Written evidence submitted by Ermine Amies [GRA1944]
● Transsexual people, with or without medical treatment of hormones and surgery, at all stages of transition are protected by the characteristic of gender reassignment by the Equality Act.
● Gender identity ideology has undermined the sex based rights of women and girls.
● Single sex services, spaces and sports are important for safeguarding and the dignity and privacy for women and girls who would otherwise be forced to share with male bodied trans identified men.
● A diagnosis of gender dysphoria should be required and the age for a gender recognition certificate not lowered.
● Equality data collection on transgender people is poor. Longitudinal data is missing. Equality impact assessments on the effect of policy and operational decisions on women (and other protected characteristics) are also missing or poorly done.
● Action: Ministers and the EHRC need to issue guidance on the use of the word sex, not gender, and the operation of the single sex exceptions under the Equality Act 2010 and how they interact with the GRA 2004 and protections through the characteristic gender reassignment.

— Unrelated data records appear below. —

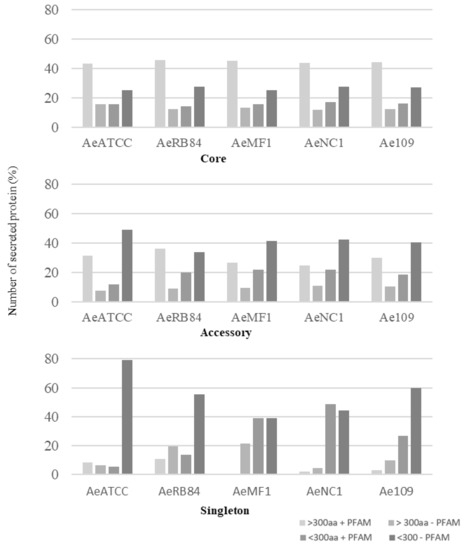 Size distribution of secreted proteins in the core, accessory and singleton secretomes of A. euteiches spp. A. euteiches spp. secreted proteins with (+) or without (−) a predicted PFAM domain are classified in two categories based on their size: larger than 300 amino acids (>300 aa) or less than 300 residues (<300 aa).
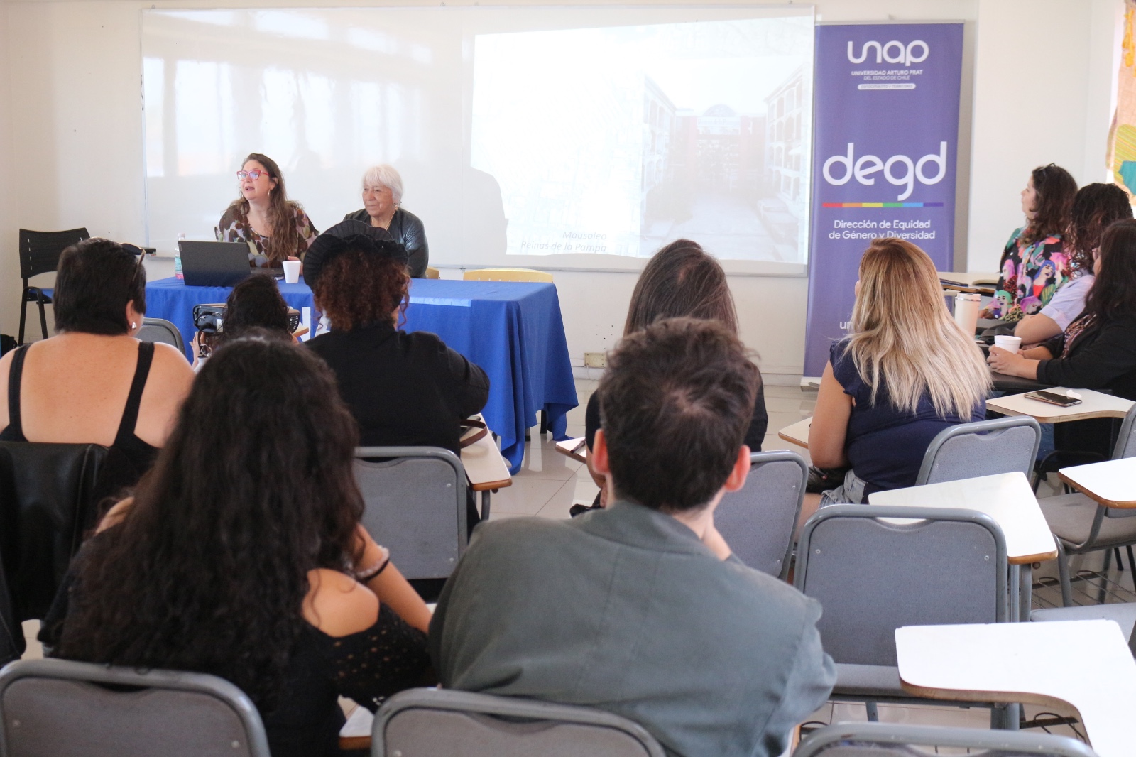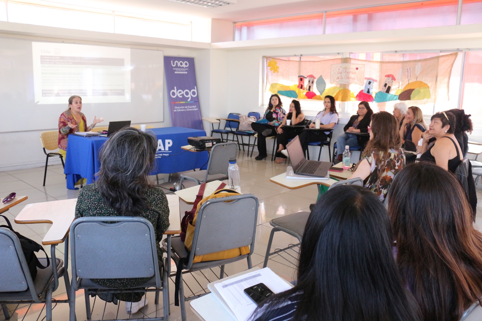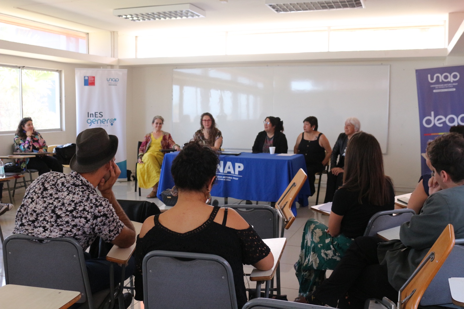 Con una activa participación de la comunidad universitaria y organizaciones sociales, se realizó la Jornada de Reflexiones Críticas sobre Violencia de Género en el Territorio: Memorias de Violencias y Resistencias de niñas y mujeres en la región de Tarapacá, en la Sala E5 de Casa Central de la Universidad Arturo Prat (UNAP).
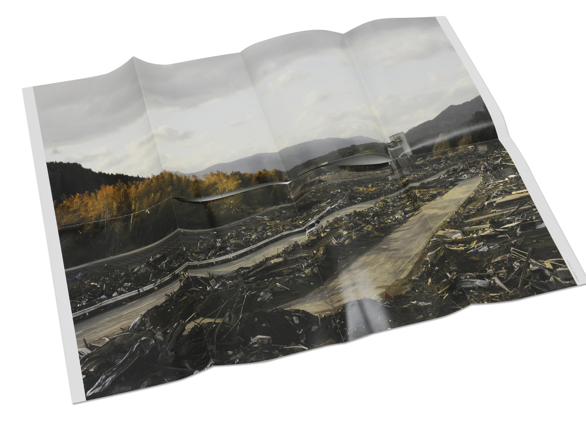 These ephemeral 176 mm × 250 mm pamphlets each fold out to become much larger 500 mm × 707 mm posters in their own right. The meditative images capture sweeping landscapes, dotted with plastic bags filled with contaminated soil or the odd solitary figure in coveralls. We see the ocean, dirt, trees and desolation. Although the effects of radiation on the environment are not immediately apparent, you can find traces of it if you look long enough.
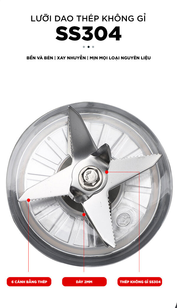 Lưỡi dao inox răng cưa 6 cánh bằng thép không gỉ SS304 dày 2mm có độ bền và bén, xay nhuyễn và mịn mọi loại nguyên liệu: xay sinh tố, xay thịt, xay hạt nhẹ nhàng, nhuyễn mịn.

● Action: The impact of any additional protections for trans identified people on the protections of other protected groups such as women, religious believers, disabled and elderly people and their freedom of speech must be considered in this inquiry.
● Action: Ensure evidence based decisions by collecting and analysing data, undertaking robust research and equality impact assessments that take into account the impact on other protected characteristics (sex, religion or belief and disability).
1.2. Gender identity ideology through the Gender Recognition Act, other policy changes & operational practice poses a serious threat to the rights of women and girls as a sex-based class, and the privacy, dignity and safety of their services, spaces and sports. It undermines safeguards for girls, boys and for older and disabled women who cannot advocate for themselves and our freedom of speech to describe ourselves and our rights.
2.1. Ruth Hunt, ex CEO Stonewall was incorrect to say “It’s just admin” about self ID and Gender Recognition Certificates in a Guardian interview last year.
2.2. Self ID and Gender Recognition Certificates (GRC) are not "just admin". They are key to activist charities in misleading public and private sector organisations with an inaccurate interpretation of the Equality Act and the Gender Recognition Act (GRA) 2004 on the provision of single sex spaces, services and sports.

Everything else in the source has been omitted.